Nanoreactors with Intracellular Catalytic Activity

Artificial organelles are typically bottom-up assembled nanoreactors that equip host cells with non-native or lost cellular functionalities.

We identified polymer-lipid hybrid vesicles based on poly(cholesteryl methacrylate) (PCMA)-block-poly(2-(dimethylamino) ethyl methacrylate) (P1) and (1-palmitoyl-2-oleoyl-sn-glycero-3-phosphocholine) phospholipids as suitable nanocarrieres with lysosomal escape ability. Following on, we loaded these vesicles with either glucose oxidase or β-galactosidase to obtain nanoreactors. We were able to illustrate intracellular activity of these nanoreactors in RAW 267.4 macrophages using glucose and β-Gal-NONOate to produce hydrogen peroxide and nitric oxide, respectively, even in primary human macrophages in the latter case.
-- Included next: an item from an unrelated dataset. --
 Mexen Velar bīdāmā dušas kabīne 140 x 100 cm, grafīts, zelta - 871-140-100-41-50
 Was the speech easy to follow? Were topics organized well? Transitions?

Enzymes tend to lose their catalytic activity within a few days, substantially limiting the long-term use of artificial organelles. We employed a salen-manganese complex (EUK)-based enzyme mimic to address this challenge. We demonstrated that Hep G2 cells equipped with EUK-loaded P1 micellar nanoreactors had improved viability when exposed to the reactive oxygen inducer paraquat compare to the controls.
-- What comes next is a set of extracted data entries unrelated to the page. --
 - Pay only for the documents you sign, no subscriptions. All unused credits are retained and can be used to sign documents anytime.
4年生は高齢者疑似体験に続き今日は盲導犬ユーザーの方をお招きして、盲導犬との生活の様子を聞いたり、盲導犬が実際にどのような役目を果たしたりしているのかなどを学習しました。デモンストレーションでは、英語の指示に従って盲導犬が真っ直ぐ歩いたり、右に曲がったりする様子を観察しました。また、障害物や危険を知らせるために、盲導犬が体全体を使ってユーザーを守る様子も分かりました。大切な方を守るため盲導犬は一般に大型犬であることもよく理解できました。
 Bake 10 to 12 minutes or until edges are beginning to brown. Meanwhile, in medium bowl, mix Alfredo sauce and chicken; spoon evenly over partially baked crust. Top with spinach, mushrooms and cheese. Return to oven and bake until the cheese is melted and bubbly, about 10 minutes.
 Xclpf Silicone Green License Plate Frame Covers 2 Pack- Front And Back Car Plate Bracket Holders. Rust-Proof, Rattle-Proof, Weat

Despite the promising results of the P1-based artificial organelles, biomedical applications are limited due to the inherent toxicity of P1. Therefore, we synthesized polyanions (e.g., poly(2-carboxyethyl acrylate) (P2)) and demonstrated their pH-transition in a relevant range of pH 4-5. Finally, we synthesized the block copolymer PCMA-block-P2 and showed that micelles based on these block copolymer exhibited reduced cytotoxicity and lysosomal escape ability.

Taken together, artificial organelles are an emerging concept that, with due developments, might become an interesting alternative in biomedicine.